Date: April 10, 2009
Contacts: Maureen O’Leary, Director of Public Information
202-334-2138; e-mail <email@example.com>
Victoria Harriston, Manager of Library & Information Services
202-334-2327; e-mail <firstname.lastname@example.org>
FOR IMMEDIATE RELEASE
More Than 9,000 National Academies Reports Now Available in Open Access
WASHINGTON -- The National Academies today announced the completion of the first phase of a partnership with Google to digitize the library's collection of reports from 1863 to 1997, making them available – free, searchable, and in full text – through Google Book Search. The Academies plan to have their entire collection of nearly 11,000 reports digitized by 2011.
"Much has changed since the National Academy of Sciences began advising the government in the late 1800s," said Victoria Harriston, manager of library and information services at the National Academies' George E. Brown Jr. Library. "Our early reports are essential to understanding the scientific advances made in this country as well as the science and technology issues the government struggled with in the 19th and 20th centuries."

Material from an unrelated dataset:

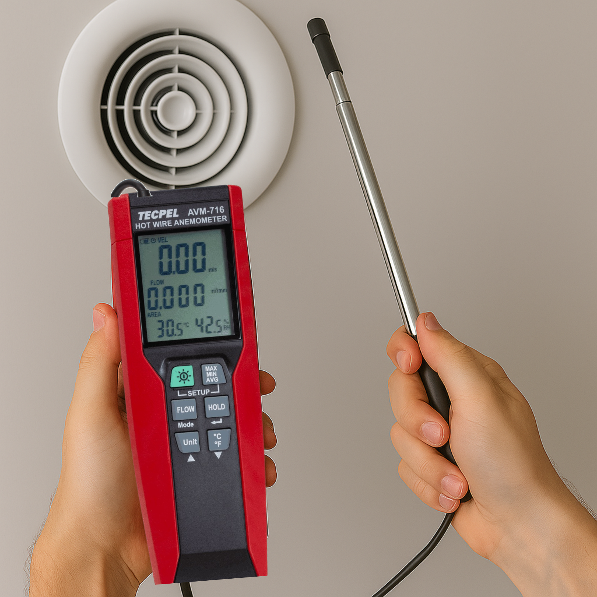 AVM-716 熱線風速計適合用於環境與特殊應用測試,包含暖通空調、汽車空調及氣象觀測等領域。設備支援多種測量單位,並具備快速的響應時間。可同時量測溫濕度、風速、風量。

Notable reports from the library's archives that are now available include:
· Proceedings of the National Academy of Sciences, Vol. 1 (1863–1894). This was the first NAS publication series, and it includes information about the Academy's early work for the government on topics such as how to prevent compass deviation which sent iron warships off course, whether the metric system of weights and measures should be adopted, and how the new U.S. Geological Service should be organized.
· Investigation of the Scientific and Economic Relations of the Sorghum Sugar Industry (1882). This report was the Academy's first self-initiated study, produced by the first committee to include non-Academy members.
· Proposed U.S. Program for the International Geophysical Year, 1957-1958. American participation in the International Geophysical Year – a historic, worldwide scientific effort that investigated the workings of the Earth and saw the launch of the first satellites – was guided and coordinated by a committee of the Academy.
· The Polar Regions and Climatic Change (1984) Changes in Earth's polar regions are widely covered in the news today, but the Academies have been studying this phenomenon for more than 20 years.
Prior to this project, the Academies digitized more than 4,000 books and made them available online through the National Academies Press; most of those can also be found in Google Book Search. However, researchers who needed to gain access to hard copies of older reports, part of a legacy collection in the library, could not always find what they wanted. Many of these reports exist as single copies, and the library feared potential damage or loss of this important collection. These older reports have been digitized and are now accessible through Google. In addition, the "digitizing of these materials will add another dimension to the preservation of our reports," said Harriston. The Academies hope that wider availability of its reports will be of use to scientists in developing countries, who often rely on the Internet to gather information.
The National Academy of Sciences, National Academy of Engineering, Institute of Medicine, and National Research Council make up the National Academies. They are private, nonprofit institutions that provide science, technology, and health policy advice under a congressional charter. The Research Council is the principal operating agency of the National Academy of Sciences and the National Academy of Engineering.